É possível argumentar que há gente, na mesma faixa etária, que teria o inteligente dom de rir de eventuais ofensas — e essa é também uma forma de “matar” preconceituosos idiotas que se julgam engraçadinhos. Mas rir é raro.
O bullying e o preconceito sequestram do jovem o vital sentimento de pertencimento, e sem grupo de apoio e de amigos ele monta o alto andaime da solidão que o faz entrevado em um mundo de ideias que giram em torno de si próprias, que se mostram intrusivas e destrutivas. Há, então, aqueles que transformam o andaime, antes simbólico, nas janelas abertas de seus quartos e delas se atiram ao asfalto — e ao nada. Há os que invadem escolas e matam colegas e professoras. Há quem mate e se suicide.

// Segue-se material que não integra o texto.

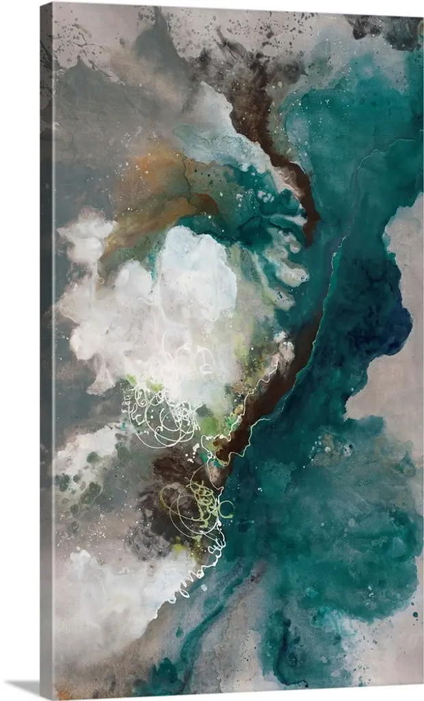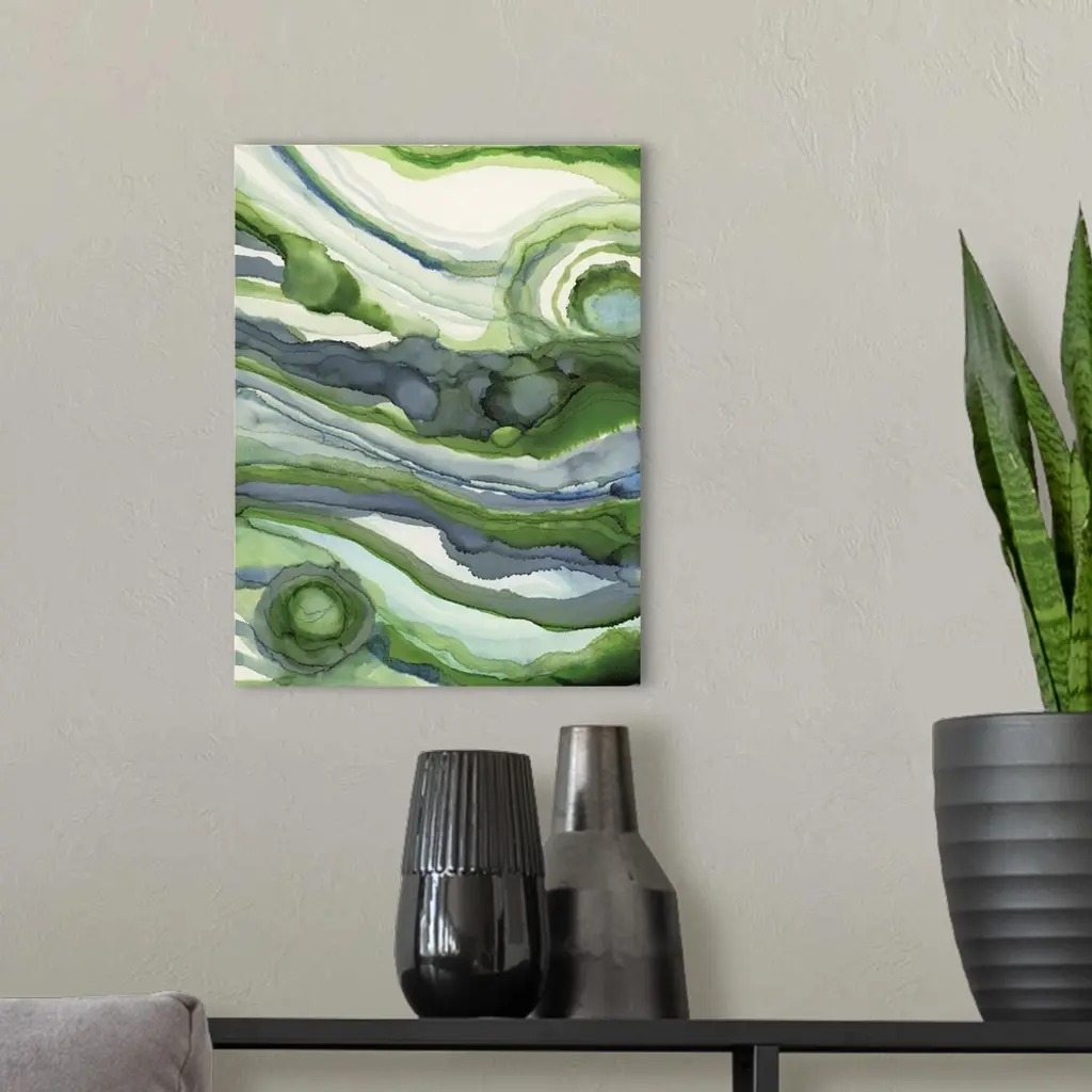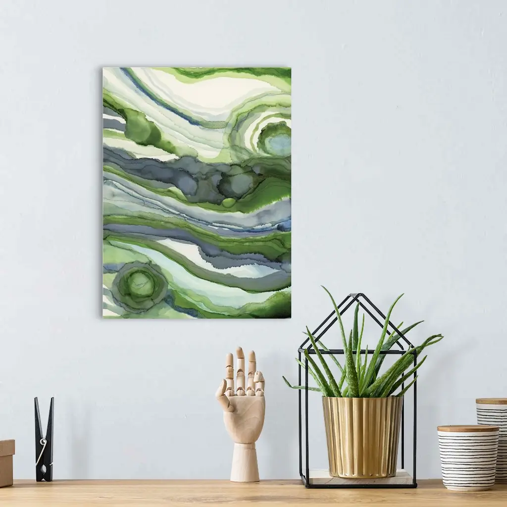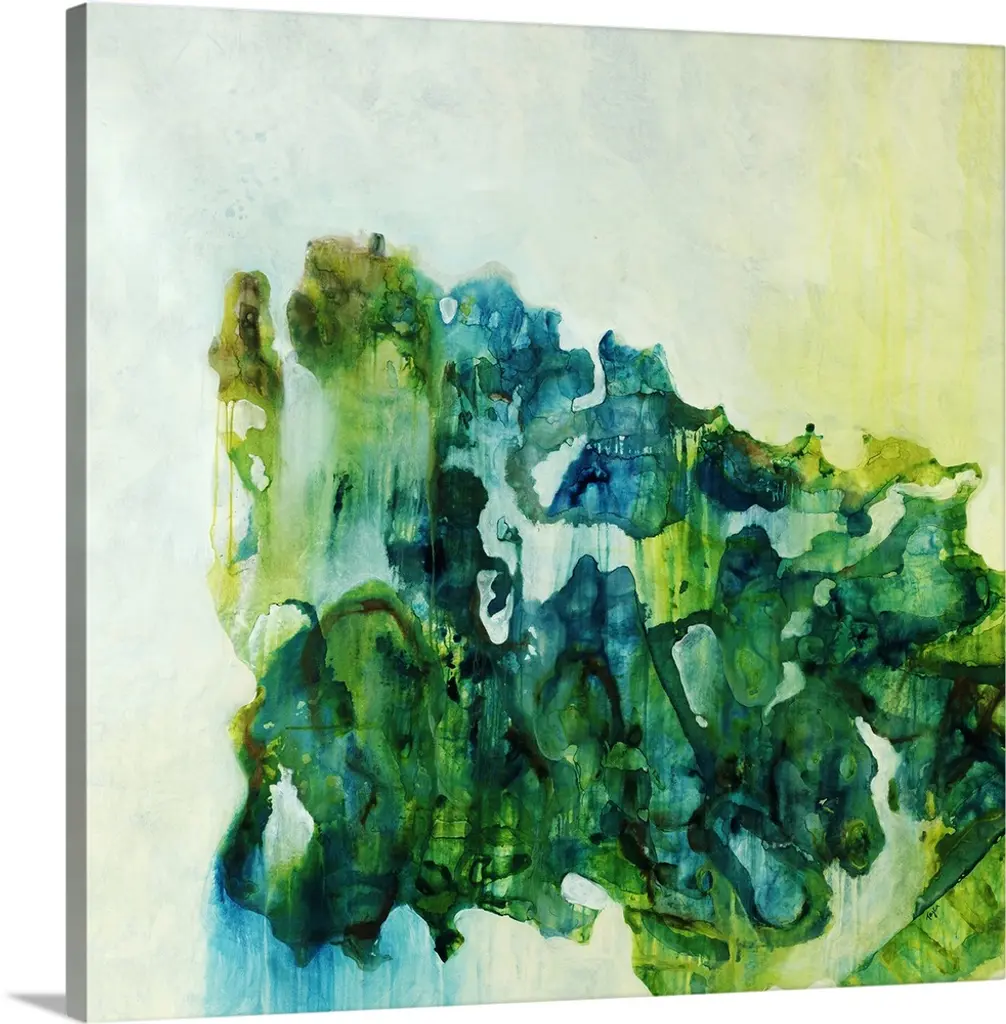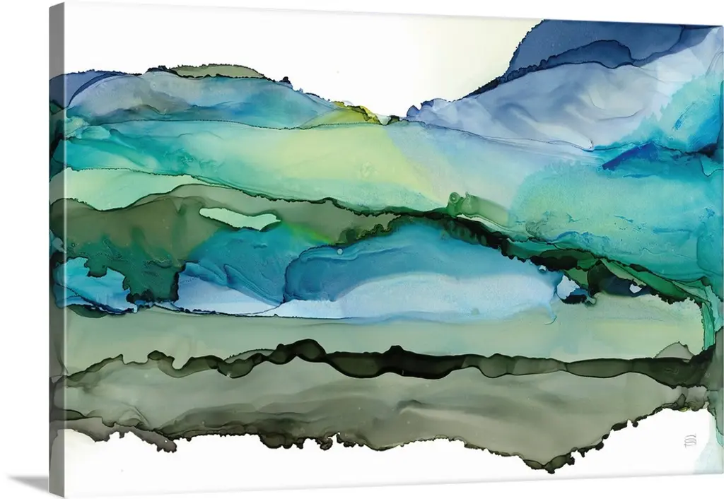 Abstract organic watercolor painting in blues and greens

Seja qual for o caso, a pessoa sinaliza com alterações quase imperceptíveis em seu jeito de ser, mas somente olhos e ouvidos treinados conseguem observá-las. Fácil concluir, a partir desse ponto, a importância de psicólogos a acompanharem alunos nesses tempos pós-pandemia, nesses tempos de bullying, nesses tempos de pais armados a se gabarem do armamento que ostentam, nesses tempos de redes sociais submersas na clandestinidade (foi nelas, também, que o moço em tela aprendeu a procurar armas sob colchões na casa do pai).
Fácil concluir, também, quão árduo é o trabalho de psicólogos quando conta-se, como ocorre em São Paulo, com apenas quinhentos psicoterapeutas para aproximadamente cinco mil e duzentos alunos de escolas estaduais. É um absurdo total.

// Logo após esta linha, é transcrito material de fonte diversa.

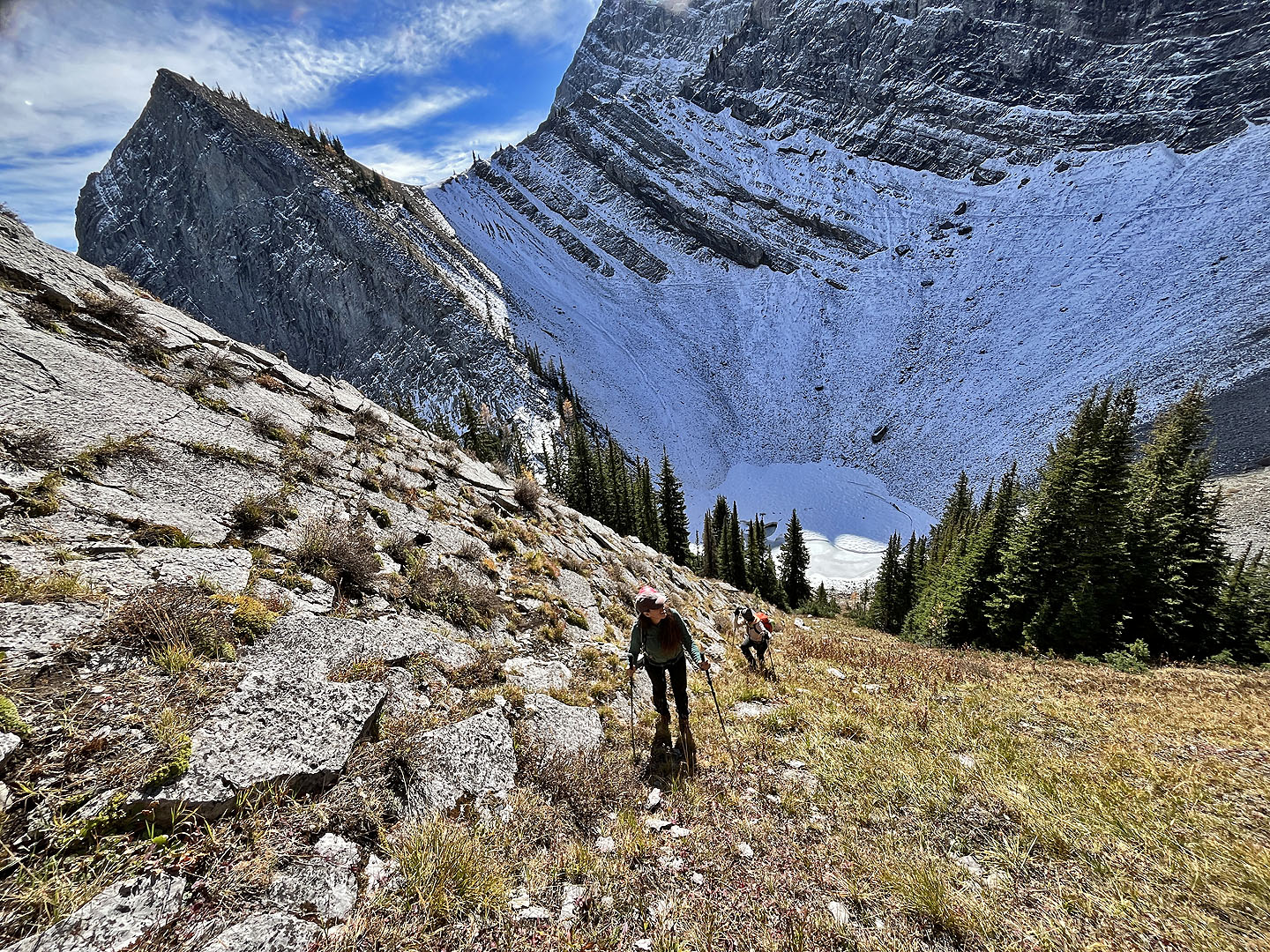 talus slope, we came down the ridge. We stayed left of the gully but eventually dropped into it. When it became

É uma política educacional criminosa por parte das autoridades. E se isso ocorre em São Paulo, mais uma vez, digamos, não é difícil imaginar como é no Brasil afora. Em alguns estados do Norte e Nordeste não há psicoterapeutas. Em determinados entes federativos existe um, e só um, para cerca de quatro mil alunos.

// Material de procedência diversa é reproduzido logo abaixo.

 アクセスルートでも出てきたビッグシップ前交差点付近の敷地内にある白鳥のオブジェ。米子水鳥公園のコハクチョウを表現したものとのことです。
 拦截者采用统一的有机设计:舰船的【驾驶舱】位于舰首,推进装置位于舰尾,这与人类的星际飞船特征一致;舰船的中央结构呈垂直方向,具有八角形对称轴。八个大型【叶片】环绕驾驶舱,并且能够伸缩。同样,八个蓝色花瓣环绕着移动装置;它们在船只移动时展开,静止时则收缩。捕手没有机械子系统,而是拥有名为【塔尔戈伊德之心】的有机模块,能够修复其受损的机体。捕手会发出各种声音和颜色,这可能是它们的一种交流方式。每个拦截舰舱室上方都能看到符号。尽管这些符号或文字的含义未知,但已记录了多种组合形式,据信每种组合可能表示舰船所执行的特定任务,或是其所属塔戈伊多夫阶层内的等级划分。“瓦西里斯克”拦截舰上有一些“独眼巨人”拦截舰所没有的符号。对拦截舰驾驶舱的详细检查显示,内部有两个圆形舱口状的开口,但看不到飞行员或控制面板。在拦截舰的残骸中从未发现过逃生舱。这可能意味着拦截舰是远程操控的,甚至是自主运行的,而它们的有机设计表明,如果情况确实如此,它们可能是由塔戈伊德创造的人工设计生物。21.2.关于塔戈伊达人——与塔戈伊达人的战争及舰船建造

Verbas para contratação e aprimoramento de profissionais no campo da Educação ou destinadas à infraestrutura de colégios não rendem votos. Para dar dinheiro à área da Saúde, o governador de São Paulo ameaça tirar do setor da Educação. Dois setores estratégicos para a vida e a dignidade humanas.
Enquanto perdurou no Brasil a ditadura militar de cabeças nubladas sobre ombros estrelados, a perseguição ao antropólogo, etnólogo e escritor Darcy Ribeiro, já na década de 1970 reconhecido como um dos grandes intelectuais globais, fez-se emblemática da estultice de determinados governantes.
Darcy defendia um modelo educacional que ensinasse formalmente, mas também formasse a consciência da cidadania. Foi chamado pelos militares de “comunista” (Darcy Ribeiro comunista? Só rindo!) e acabou exilado.
Foi de sua lavra um ensinamento exemplar: “Se não investirmos já na construção de excelentes escolas, um dia faltará dinheiro para construirmos péssimas prisões”.
Darcy foi um dos fundadores da UnB em 1962. Para os jovens havia à época sentido de viver e de lutar por uma sociedade menos desigual — também a desigualdade entre pessoas deprime os moços e moças dos dias de hoje, apontam educadores. E as guerras deprimem e assaltam a racionalidade, assim como deprimiram e assaltaram a de Stefan Zweig. O inspirador de “o jovem de hoje é o Brasil de amanhã” suicidou-se.